Alliance Boots shows some transparency

Alliance Boots show a strong profit rise, after the friendly takeover of Boots by Steffano Pessina. The news also indicates a calculated tranparency rare for traditional Private Equity ventures

The story of the profit rise at Alliance Boots was found in The Times on line and picked up by the agencies. According to The Times, Alliance Boots

will this week [June 9 – 13, 2008] buck the gloom on the high street when the pharmacy chain reports a 20% increase in trading profits during its first year as a private company.

Stefano Pessina, the executive chairman who teamed up with Kohlberg Kravis Roberts to mount the £12.4 billion buyout, will announce on Tuesday a £770m profit for the 12 months to March.

The performance gives Pessina the opportunity to face down critics who said he overpaid for Alliance Boots, which has 1,500 UK shops and distributes medicines across Europe. Banks that financed the deal – Europe’s largest leveraged buyout at the time – were forced to discount its £9 billion of debt in order to sell it on.

Higher profits were achieved by driving costs from the business, which was created a year earlier from the merger of Alliance Unichem with Boots. Sales at its largest stores are proving the most resilient. However, questions remain over whether it can maintain such momentum in a stuttering economy.

The story so far

In an earlier post Leaders We Deserve reported

Cherished British Drug company Boots merges with European partner, whose wealthy owner, Stefano Pessina, becomes deputy chairman in the new company, Alliance Boots.

The amicable arrangement suggested that in any leadership transition, Mr Pessina would be a cuckoo in the nest. In short order, chairman Sir Nigel Rudd resigned. further friendly discussions were followed by a takeover by private equity firm KKR. The move was presented openly as a vehicle which would install Pessina as its main driver

KKR and Stefano Pessina had made it known that they wanted to keep the top team intact. But for all the continuing expressins of good will, the inevitable was to happen.
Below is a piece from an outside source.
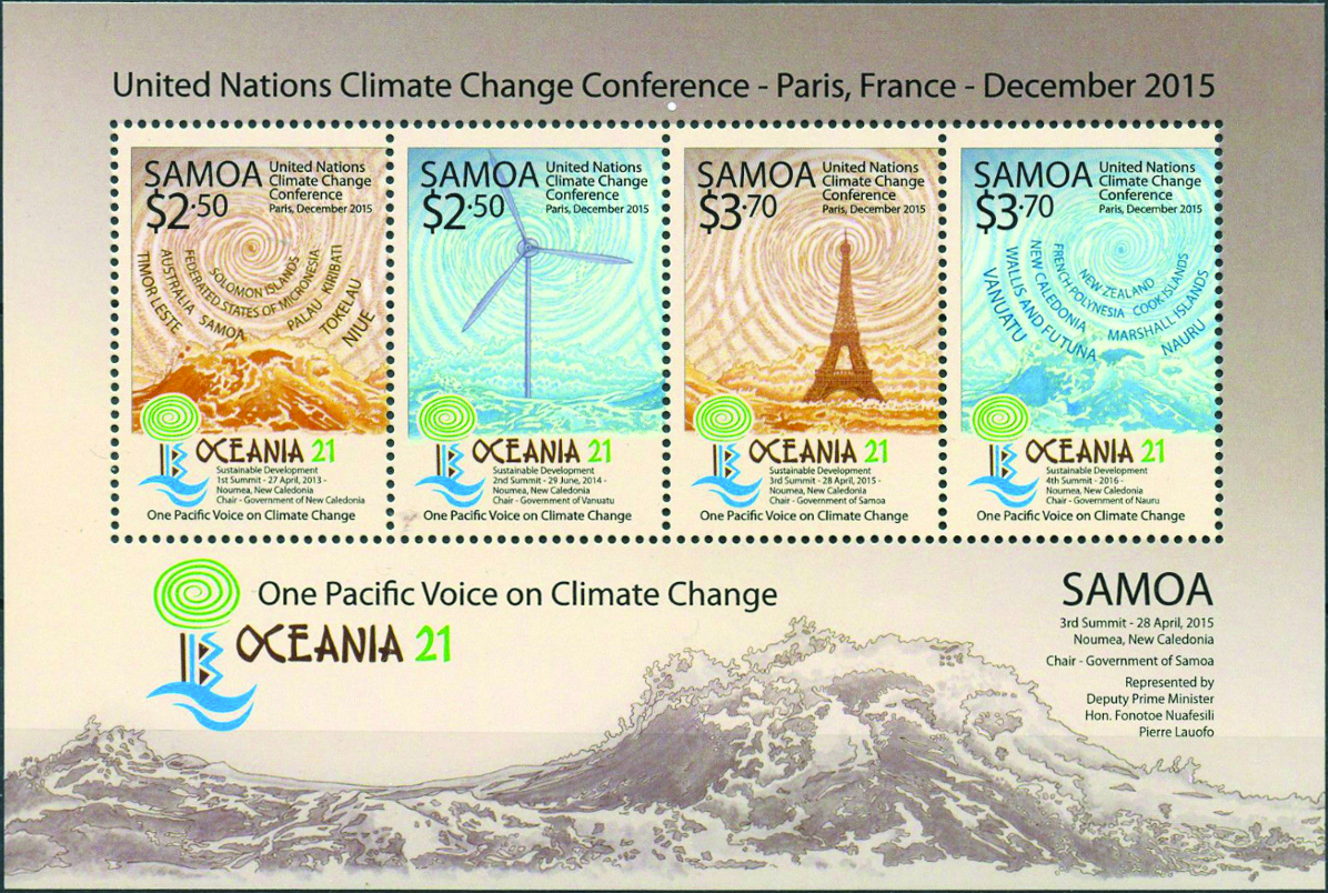 Samoa Chairs, Commemorates Climate Confab Last November 3 the Pacific Island nation of Samoa issued a set of four singles and a souvenir sheet using the same designs to commemorate the 2015 Oceania 21 climate control conference that was held April 28-30 in New Caledonia. Samoa was responsible for holding the Chair position at that Summit, which resulted in the Lifou Declaration that calls upon the international community to save Oceania in the face of climate change. . . . Continue reading Samoa Chairs, Commemorates Climate Confab [PDF Document] |
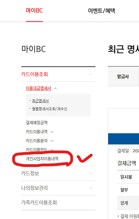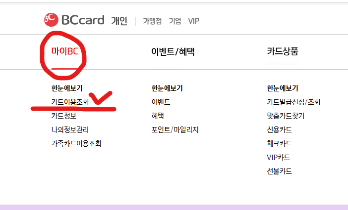 비씨카드(https://www.bccard.com) - 로그인 - 마이BC - 한눈에보기 - 카드이용조회 - 개인사업자이용내역

Thursday July 12th 2007, Richard Baker decised to accept a severance deal that would be worth some £10 million. It seems as if they made an offer for him to stay, or decline with honor. In an interview with he says

“Stephano is a gentleman. He has been as good as his word with me every step of the way..I am confident about the future of the company ..I have looked everyone in the eye at Nottingham [corporate HQ] and told them that”


Another top retail executive, Scott Wheway, is also leaving, again in an amicable fashion.

Not too difficult to predict

The story has been followed in earlier posts. It struck me that in the original merger between Boots an Alliance, the new board had a majority of former Boots executives. But the Alliance side was the more profitable, and Stephano brought with him a sizable shareholding and considerable personal wealth.

It was not difficult to predict what would happen. I noted earlier this year that

If takeover is successful, I am not expecting many of actual board members to retain their positions.

And so it has come to pass. Not brutally. But Pessina has enough power to be magnanimous. Mr Baker may not have had much temptation to stay on when the alternative was a £10 million incentive to leave, with more chances of securing a new leadership role elsewhere.

Leadership lessons

I’m not sure of the leadership lessons here. Perhaps it is that self-made billionaires are not all ego-crazed narcissists. Maybe absolute power is not always accompanied by absolute ruthlessness.

The initial deal was done a few months before financial markets went into melt-down. Alliance Boots seems to be supporting the enthusiasts of free market capitalism in the robust form of Private Equity interventions.